Alas, Blood Work is an uncommon slip from strength for the mature Clint Eastwood. Blood Work is entirely a routine film. There may be slightly more plot that was usually the case in the Dirty Harry films – in that Eastwood is adapting a novel – but the absurd, even rather tacky, improbability of the basic premise – Eastwood is an aging FBI profiler who suffers from a heart-attack, gets a heart transplant, is persuaded back out of retirement to solve a murder by the sister of his heart donor, finds that it is the killer who killed the victim in order to provide him with a heart so that they could continue their games – sinks Blood Work.

More importantly, Blood Work shows up Eastwood as being an old school director who is still making thrillers the way they were in the 1970s, whereas this type of film has been almost entirely supplanted by the serial killer thriller. The genre has evolved, both plotwise and visually, into a type of film that has left Eastwood way behind. He shoots with traditional clear-cut framing and classical textbook camera set-ups and there is none of the darkness or obsessiveness of the serial killer thriller to Blood Work.

What Blood Work needed to work was the gloomy subterranean style of a Se7en (1995) or one of its ilk. More to the point, Eastwood plays a FBI psychological profiler but Blood Work has none of the conceptual leaps or dazzling psychological detective games that became part of this genre since the success of The Silence of the Lambs (1991); rather Clint Eastwood is the same plodding tight-lipped tough guy detective that he was back when he was playing Dirty Harry.

(l to r) Aging detective Clint Eastwood and serial killer Jeff Daniels in Blood Work (2002)
(l to r) Aging detective Clint Eastwood and serial killer Jeff Daniels

The revelation of the killer’s identity is entirely predictable. Moreover, the actor playing the part gives an over-the-top and wholly unthreatening performance – in fact, one strains to think of another actor who could be so miscast in the role of a serial killer. As actor, Eastwood has never seemed weaker and creakier on screen than he is here. The Clint Eastwood of the 1990s also seems to have turned his back on the mindless violence he earlier indulged and now there is a gratuitously silly scene where he gets to lecture a kid who picks up his gun on responsible gun control.
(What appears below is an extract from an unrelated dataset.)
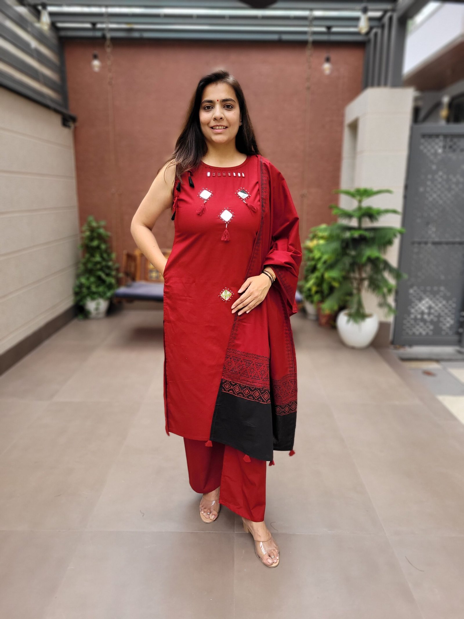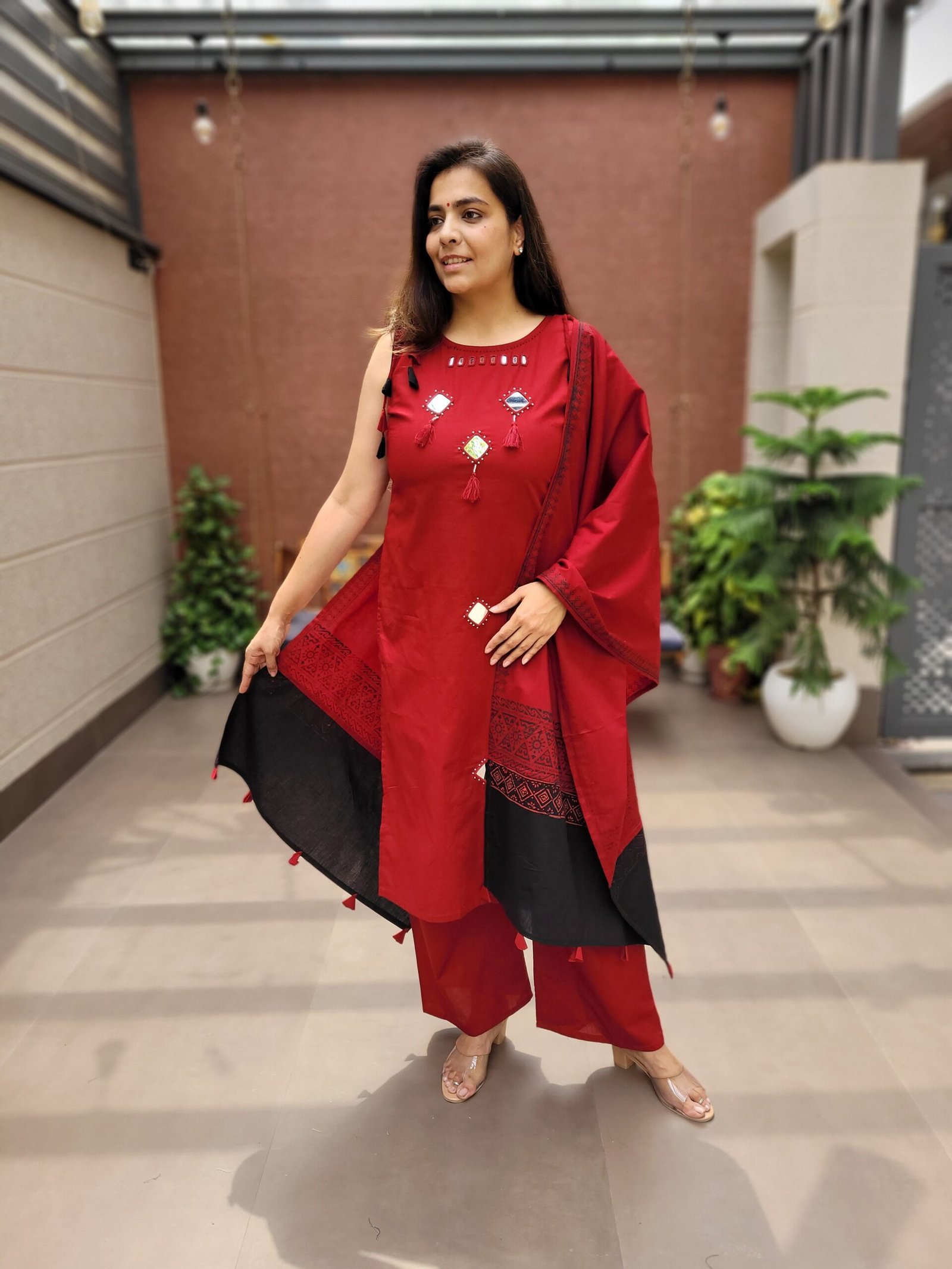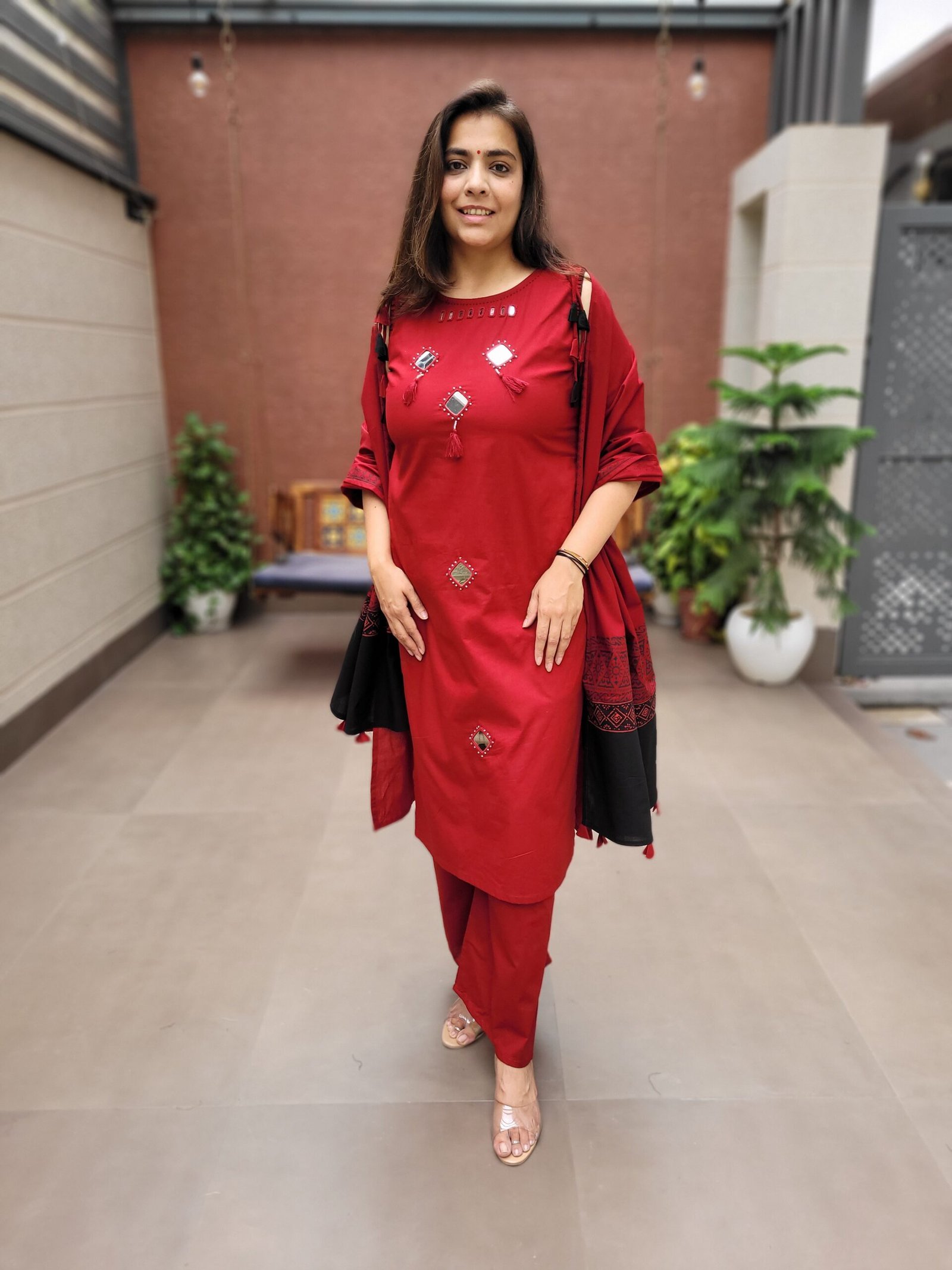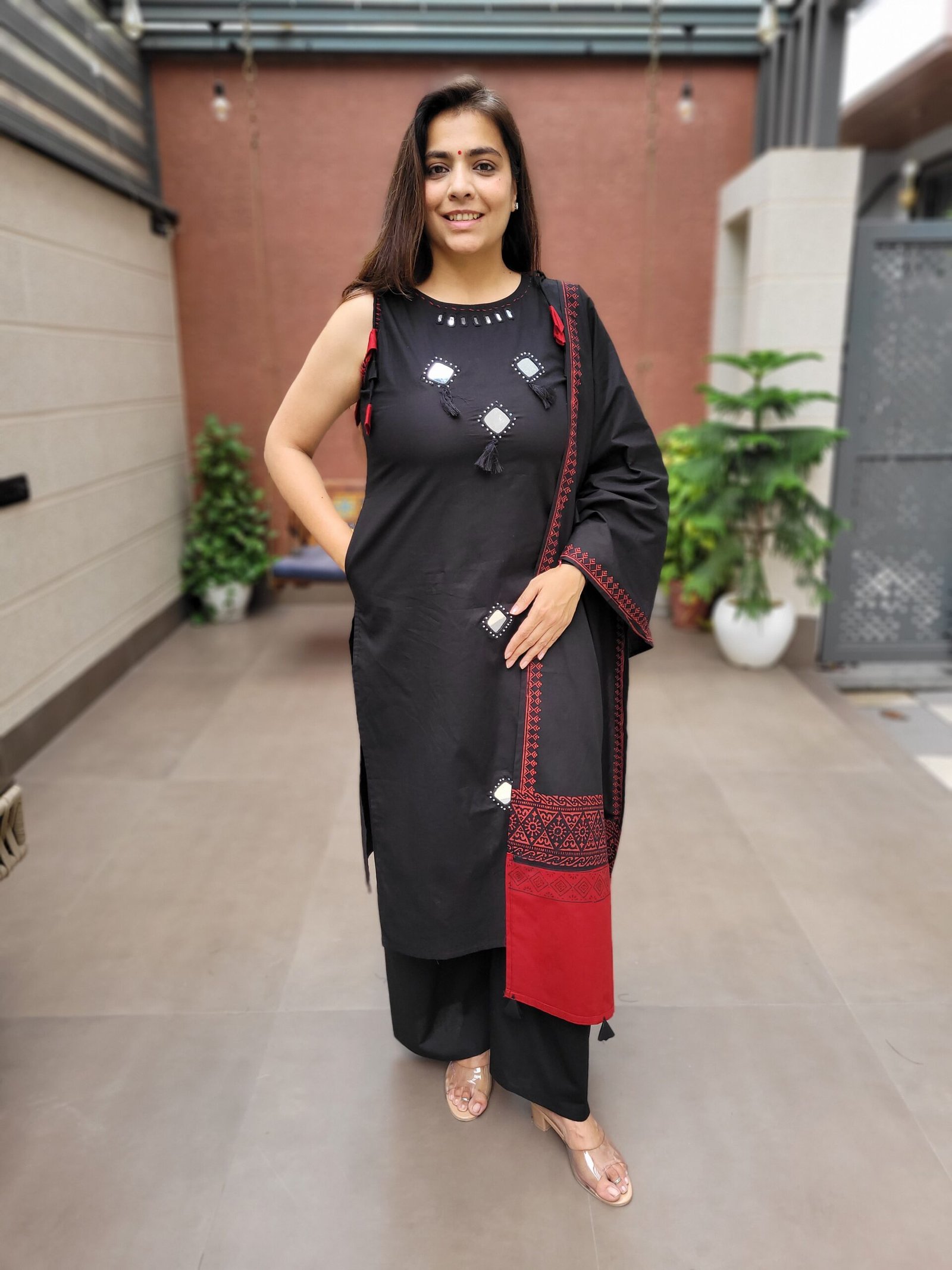 The kurta features handwork with original mirror work, adding festive charm. The attached sleeves option allows flexible styling, making it ideal for parties, casual gatherings, and festive occasions.

Clint Eastwood’s other films of genre interest are:– the stalker film Play Misty for Me (1971), the supernatural avenger Western High Plains Drifter (1973), the hi-tech fighter plane heist Firefox (1982), the oldsters in space film Space Cowboys (2000), Changeling (2008), a true-life story about a missing child, a police cover-up and a serial killer, and the afterlife character drama Hereafter (2010). In acting appearances, aside from all but the last aforementioned, Eastwood has appeared in Revenge of the Creature (1955), Tarantula (1955), the talking mule film Francis in the Navy (1955), the twisted Southern Gothic horror The Beguiled (1971), up against a serial killer in his most famous role Dirty Harry (1971), the S&M psycho-thriller Tightrope (1984) and the Dirty Harry film The Dead Pool (1988).